- **Action item**
Leave out any pictures and transcribe all other data below exactly.
*** Data section ***
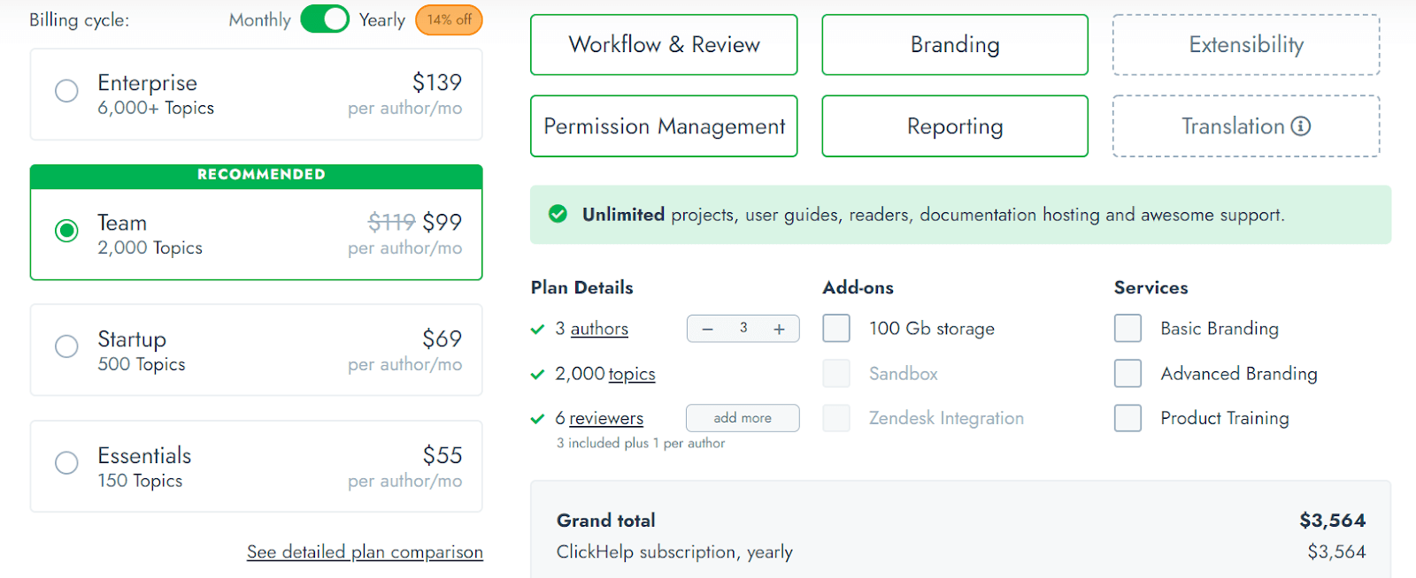The pricing depends on the exact size of the team. You can find a calculator on ClickHelp’s website and determine the price based on your needs.
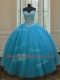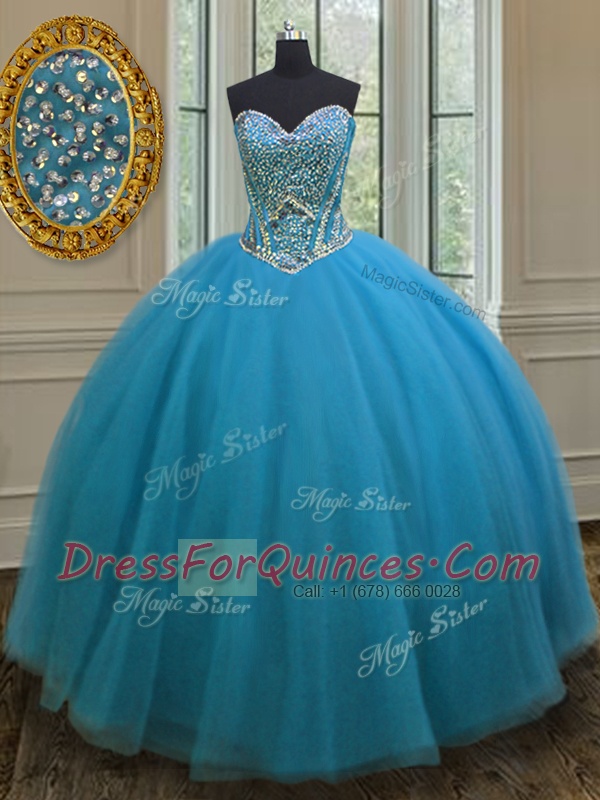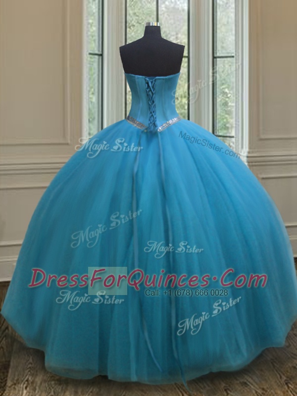 Charming Teal Ball Gowns Sweetheart Sleeveless Tulle Floor Length Lace Up Beading Quinceanera Dresses
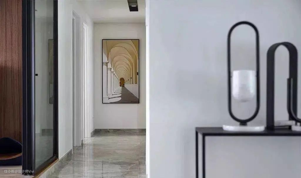 沿着过道走入深处,悬挂的色彩与环境极度契合的艺术挂画,视觉在画面上得到了伸展,意味深长。
*** End of Data section ***
- **Task answer**
The pricing depends on the exact size of the team. You can find a calculator on ClickHelp’s website and determine the price based on your needs.
 Charming Teal Ball Gowns Sweetheart Sleeveless Tulle Floor Length Lace Up Beading Quinceanera Dresses
 沿着过道走入深处,悬挂的色彩与环境极度契合的艺术挂画,视觉在画面上得到了伸展,意味深长。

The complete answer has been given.